**Input records:**
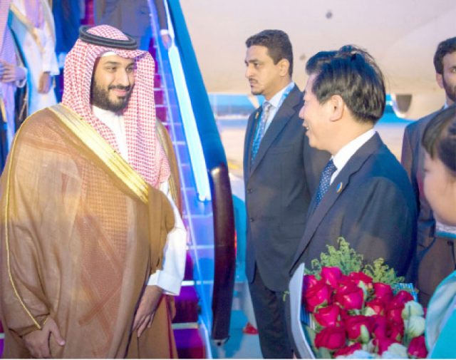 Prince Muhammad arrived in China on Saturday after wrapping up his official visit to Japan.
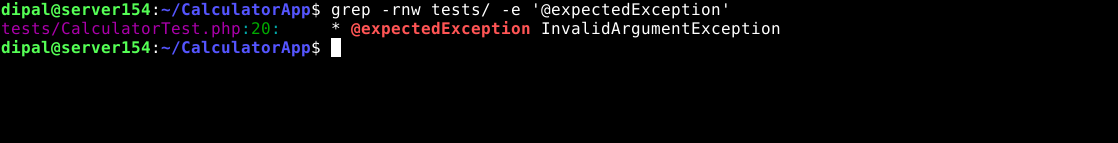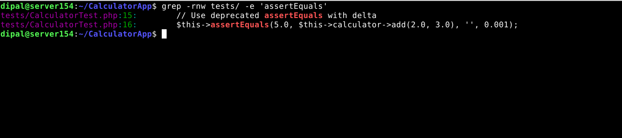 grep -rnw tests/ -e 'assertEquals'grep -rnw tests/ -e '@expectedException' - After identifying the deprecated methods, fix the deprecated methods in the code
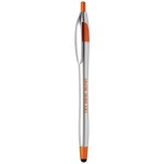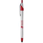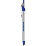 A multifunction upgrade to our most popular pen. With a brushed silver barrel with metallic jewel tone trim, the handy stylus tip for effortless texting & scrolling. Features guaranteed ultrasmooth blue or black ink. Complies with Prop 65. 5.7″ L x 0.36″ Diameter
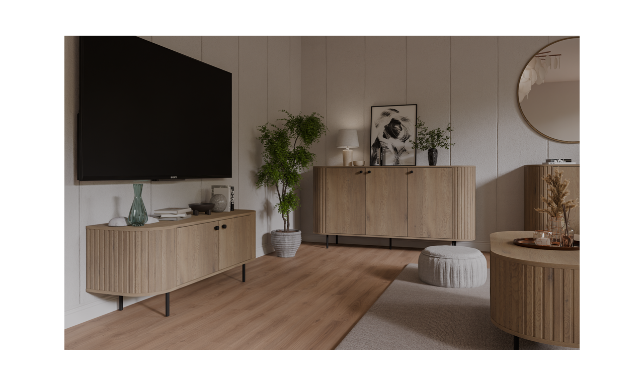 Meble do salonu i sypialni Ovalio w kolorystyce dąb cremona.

...

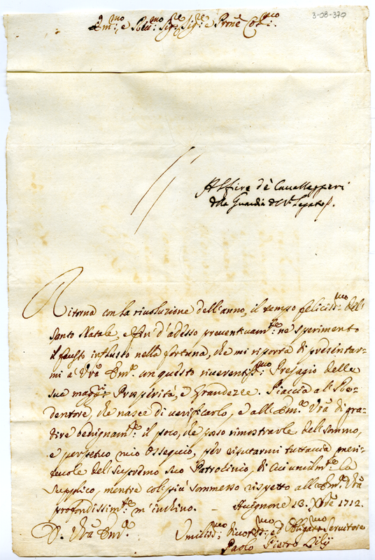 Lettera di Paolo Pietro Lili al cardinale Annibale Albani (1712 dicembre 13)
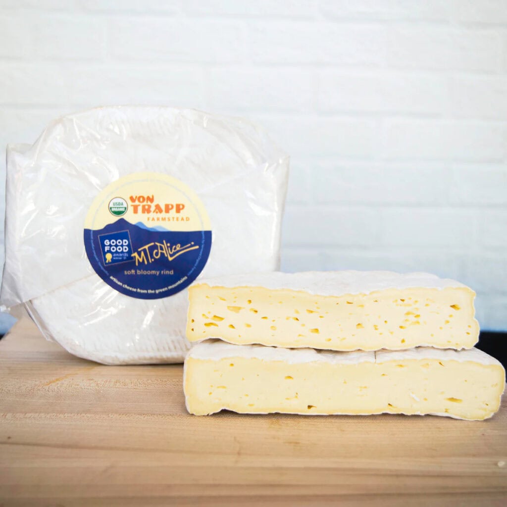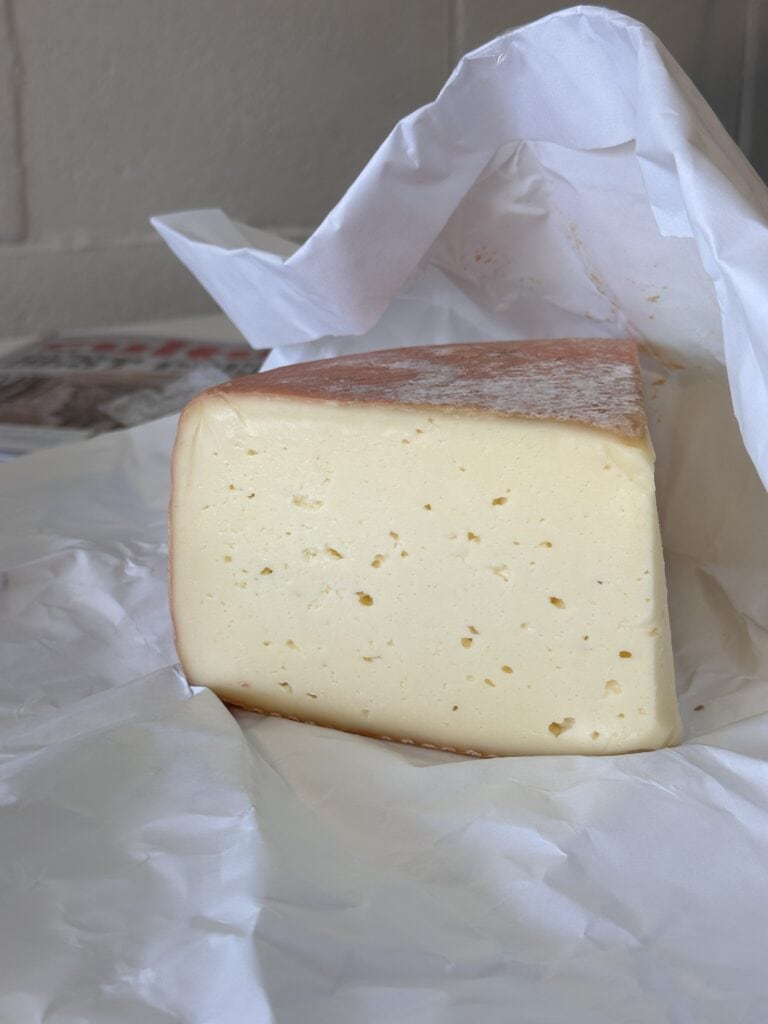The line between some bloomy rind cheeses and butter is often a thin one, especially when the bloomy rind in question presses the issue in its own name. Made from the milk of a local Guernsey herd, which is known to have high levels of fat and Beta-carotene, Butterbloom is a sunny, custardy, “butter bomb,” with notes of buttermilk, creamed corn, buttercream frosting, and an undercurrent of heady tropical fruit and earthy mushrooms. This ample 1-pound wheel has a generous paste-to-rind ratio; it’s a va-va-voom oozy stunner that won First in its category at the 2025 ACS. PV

**What needs to be done:**
Return word for word the lines of the listing above, starting at the line with "grep -rnw tests/ -e 'assertEquals'grep" and ending at the line with "Meble do salonu", both included. Pictures do not belong in the copy.

**Response to the task:**
 grep -rnw tests/ -e 'assertEquals'grep -rnw tests/ -e '@expectedException' - After identifying the deprecated methods, fix the deprecated methods in the code
 A multifunction upgrade to our most popular pen. With a brushed silver barrel with metallic jewel tone trim, the handy stylus tip for effortless texting & scrolling. Features guaranteed ultrasmooth blue or black ink. Complies with Prop 65. 5.7″ L x 0.36″ Diameter
 Meble do salonu i sypialni Ovalio w kolorystyce dąb cremona.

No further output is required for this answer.